Так, неприметно и без всякого своего участия, я утратил свою безупречную репутацию и превратился из Удовлетворителя Телесной Потребности, из прежнего Петруччио — к сожалению, слишком обремененного делами, — в Чудовище, в Монстра, и, более того, Долорес сама поверила тому, что рассказывала обо мне другим.
Исследуя истоки, развитие и рост этой ревности, я прихожу к предположению, что она поначалу была почти лишена эротической окраски. Это был только естественный конфликт женского эгоцентризма с волей мужчины, который хотел идти собственным путем и действовать в недоступной женщинам сфере. Да и правда, можно ли кичиться любовником, который не лежит покорно у ног возлюбленной и не проводит жизнь в ожидании ее ласковой улыбки? Сперва, мне думается, Долорес сочинила сказочку о моей неверности, чтобы оправдать свои грозные тирады по поводу моих поездок в Англию. «Что он там делает?» — ломала она голову. Но отсюда уже недалеко было до подозрений, а потом — до глубокой убежденности в том, что я развратен и двуличен. А потом уже естественно было обвинять меня в том, что я-де маньяк и извращенец.
В течение некоторого времени Долорес пыталась внушить себе, что я ищу какого-нибудь необыкновенного выхода для своего темперамента; что, одиноко странствуя по свету, я, перемены ради, занимаюсь мужеложством. Однако вскоре ей пришла в голову более эффектная идея. Ее внимание все более и более привлекала моя дочь Летиция и мой возрастающий интерес к ее судьбе. Ну что ж, Долорес и в этом сумела найти материал для мрачных подозрений.

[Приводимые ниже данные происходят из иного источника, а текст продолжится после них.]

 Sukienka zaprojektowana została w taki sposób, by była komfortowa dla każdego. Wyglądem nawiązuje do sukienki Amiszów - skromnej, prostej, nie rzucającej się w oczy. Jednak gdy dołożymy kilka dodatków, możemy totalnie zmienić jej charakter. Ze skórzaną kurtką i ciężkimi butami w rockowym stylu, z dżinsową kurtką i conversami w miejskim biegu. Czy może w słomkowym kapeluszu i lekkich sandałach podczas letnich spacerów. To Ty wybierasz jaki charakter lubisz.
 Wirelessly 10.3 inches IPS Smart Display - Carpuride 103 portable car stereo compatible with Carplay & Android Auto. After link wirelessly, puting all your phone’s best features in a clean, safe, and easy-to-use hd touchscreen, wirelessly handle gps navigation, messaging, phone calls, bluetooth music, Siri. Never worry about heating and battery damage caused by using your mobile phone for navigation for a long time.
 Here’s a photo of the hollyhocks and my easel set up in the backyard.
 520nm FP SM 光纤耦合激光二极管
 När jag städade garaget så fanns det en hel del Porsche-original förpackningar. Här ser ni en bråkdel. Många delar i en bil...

А я и впрямь все больше думал о Летиции, все горячее тосковал по ней и все сильнее жаждал, чтобы она была рядом со мной. Во всяком случае, это началось, и я не могу точно сказать, с чего это началось. Быть может, я вспомнил о Летиции, когда до меня дошли вести о семействе Хуплеров. Джордж Хуплер служил в какой-то из контор торгового флота в Саутгемптоне, и дела его шли не слишком блестяще. Он давным-давно уже отрекся от каких бы то ни было литературных претензий; причем роман, задуманный им, либо так и остался незавершенным, либо не увидел света, либо был издан и прошел настолько незамеченным, что даже я о нем ничего не слыхал. Летиция, как я узнал, посещала какую-то неважную школу, не проявила никаких особых способностей и сейчас готовилась к какому-то подобию деловой карьеры в местном коммерческом училище. Я был уверен, что Хуплер распорядился ее деньгами скрупулезно честно, но не слишком оборотисто и воспитывал из Летиции весьма заурядную буржуазную девицу. Мне подумалось, что будет лучше, если я сам займусь этим делом. Конечно, тут сказывалось тщеславие, уязвленное мыслью, что мое единственное дитя ничем не блеснет в этом мире, но в то же время тут действовала и чрезвычайно искренняя забота о будущности этого юного существа. Быть может, я слишком безоговорочно передоверил отчиму ее воспитание. Этому обстоятельству также следует приписать то, что изумленная Алиса получила от меня длинное и дружеское письмо, в котором я сообщал, что часто думаю о ней и о ее судьбе, спрашивал, как живется семейству Хуплеров, что происходит с Летицией и не могу ли я что-нибудь сделать для девочки. Я сообщал еще, что издательская работа все больше поглощает меня и что годы, на мой взгляд, идут, пожалуй, даже чересчур быстро.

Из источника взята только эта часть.